Reputation: 35
I'm trying to create a variable that identifies if a string within a vector is the first appearance, in the top three, or more than three. For example:
In the data set below, I have name (there will be more names), text, and a dup variable. I want the dup variable to identify if the text is appearing for the first time (origin), if it's within the first three occurrences (FirstThree) or if it has appeared more than the three times(MoreThanThree). I will also need to do that for each person... but I think I can figure that part out.
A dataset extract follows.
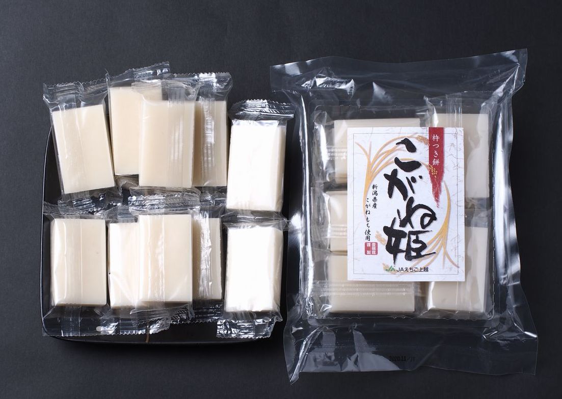 新潟県上越地区産こがねもち(もち米の品種)100%しっかりとした粘りのある、おもちです。
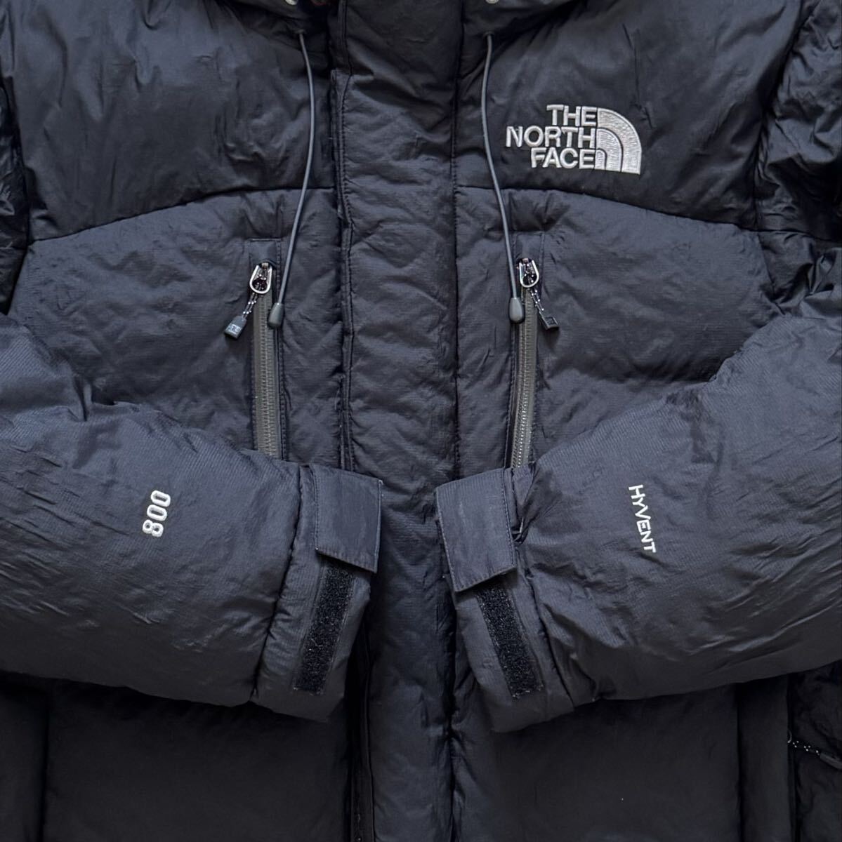 800フィルパワーのふんわりとしたダウンと、ノースフェイス独自の防水透湿素材HYVENTハイベントで、雨や雪からの水分の侵入を防ぎつつ、内側の湿気を外に逃がすことにより快適な状態が保たれます。ファスナーは上下開閉可能なダブル仕様で、YKKの中でも高品位なVISLONを採用。

Thanks in advance for any help!
name =c("T","T","T","T","T","T","T","T","T","T")
text =c("a","b","a","a","b","c","a","a","b","a")
dup =c("origin","origin","FirstThree","FirstThree","FirstThree","origin","MoreThanThree","MoreThanThree","FirstThree","MoreThanThree")
dfA = data.frame(name,text,dup)
name text dup
1 T a origin
2 T b origin
3 T a FirstThree
4 T a FirstThree
5 T b FirstThree
6 T c origin
7 T a MoreThenThree
8 T a MoreThenThree
9 T b FirstThree
10 T a MoreThenThree
Upvotes: 2
Views: 41
Reputation: 388817
In dplyr
, we can compare the row_number()
in a case_when
statement.
library(dplyr)
dfA %>%
group_by(text) %>%
mutate(row = row_number(),
dup = case_when(row == 1 ~ "origin",
row <= 3 ~ "FirstThree",
TRUE ~ "MoreThenThree"))
# name text row dup
# <fct> <fct> <int> <chr>
# 1 T a 1 origin
# 2 T b 1 origin
# 3 T a 2 FirstThree
# 4 T a 3 FirstThree
# 5 T b 2 FirstThree
# 6 T c 1 origin
# 7 T a 4 MoreThenThree
# 8 T a 5 MoreThenThree
# 9 T b 3 FirstThree
#10 T a 6 MoreThenThree
We can remove the row
column later if not needed.
Upvotes: 0
Reputation: 28675
You can use data.table::rowid
with two ifelse
checks
dfA[, ict := {
r <- rowid(text)
ifelse(r == 1, 'origin',
ifelse(r <= 3, 'FirstThree',
'MoreThanThree'))}
, by = name]
dfA
# name text dup ict
# 1: T a origin origin
# 2: T b origin origin
# 3: T a FirstThree FirstThree
# 4: T a FirstThree FirstThree
# 5: T b FirstThree FirstThree
# 6: T c origin origin
# 7: T a MoreThanThree MoreThanThree
# 8: T a MoreThanThree MoreThanThree
# 9: T b FirstThree FirstThree
# 10: T a MoreThanThree MoreThanThree
You could also use cut
. Only difference is this produces a factor rather than character. May be useful if you have more than 3 categories
dfA[, ict := cut(rowid(text), c(0, 1, 3, Inf),
labels = c('origin', 'FirstThree', 'MoreThanThree'))
, by = name]
Upvotes: 2